Fuck, aren’t we all unoriginal? Here we are in 2011 and nothing’s changed in the last five hundred years. Christianity is looking a bit bedraggled and beaten, smelling like it hasn’t had a wash in a while, but still at the core. Which is why it’s no coincidence that the anti-capitalist protestors are encamped outside St Paul’s. The seat of the Protestant church’s government may officially be Canterbury, but St Paul’s is its figurehead, its grandest architectural statement. Okay, so there might be limited other places where you can throw up a thousand tents in the middle of the City of London without having a double-decker bus plough through your sleeping bag every half an hour, but I think it’s more serendipitous than pure convenience. I think it feels irrationally right, almost like faith might. Their presence forces the church to become involved in twenty-first century politics. Even though they’re spending most of their time trying to avoid saying something the flock is turning to them and begging for an alternative to the capitalist anti-God life we all freely adopted a while back when it suited us.
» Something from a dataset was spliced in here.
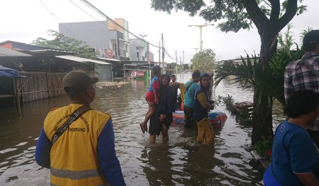 Banjir di kawasan tersebut sudah terjadi sejak Sabtu (1/2/2020). Diduga banjir belum surut karena hujan terus-menerus dan meluapnya Kali Ledug.

We need to be careful here. I mean it’s not like the church doesn’t have enough blood on its hand or, indeed, all the way to its red stained armpits. A thousand plus British years of internal crowd subjection, external moral expansion and enough butchery with convoluted excuses shoe-horned into a fluid dogma are hardly a glowing resume for a bright new world, but maybe, in the past forty years or so whilst it’s been beaten back by secularism, the church has had time to rethink.
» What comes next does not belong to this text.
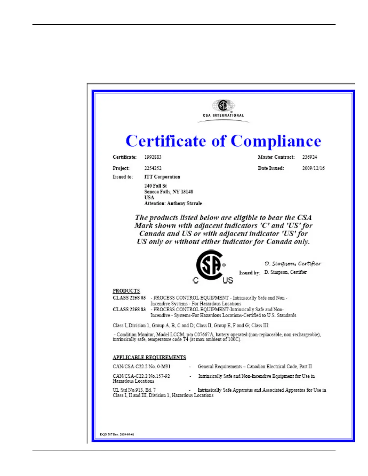 CSA Certificate

Sorry. The purpose of this blog isn’t to join the God and faith bashing, the “aren’t people a bunch of fucking deluded schmucks brigade”, if only because marching at the head that particular army is Richard Dawkins, a man so utterly smugly odious that I am relieved to now find him inescapable from his comedy variant on Radio 4. The God Delusion is a different point. That’s about why people are hoodwinked into believing, how the church manipulates society and individuals out of the belief, money, time and occasionally morals. That’s fine. I get that. What I want to know is whether Dawkins, at moments when his family’s safety is threatened and there really is no way to avoid the plunging car off the ravine edge, closes his eyes and whispers to an entity he despises? Just in case?

Most people would. It’s not necessarily something to feel guilty about, but why do we seek sanctuary in that which we’ve so frequently denounced? What does our subconscious know that we don’t?

Perhaps it comes down to childhood and the fact that people like me, children of the seventies and early eighties when schools were still holding onto the fact that once they’d been forcibly bound to local churches and so we endured bible readings and hymns and other pomp and circumstance. All the information is in there, hidden in the back of our heads. Besides crying out for Father sounds slightly less pathetic than for mum.

Is that the point? Is that why some religions have a male Godly figure at the top of ecclesiastical system? God as the Father, the embodiment of heroism for many children. For young boys it is their father whom – it at least according to the Daily Mail when it slanders single mother families – provides a stable yet stern influence whilst showing the straight and narrow route to a future of stolid employment whilst for little girls, as Grease said, “the only man who isn’t going to let a girl down is her Daddy.”
Perhaps it’s this which explains the old fashioned aloof, stern faced, unemotional approach to Fatherhood that was once a cornerstone of a country struggling to be in touch with its emotions. A son’s relationship with his Father was supposed to be as complex and respectful as the one a young man has with his God, with his maker.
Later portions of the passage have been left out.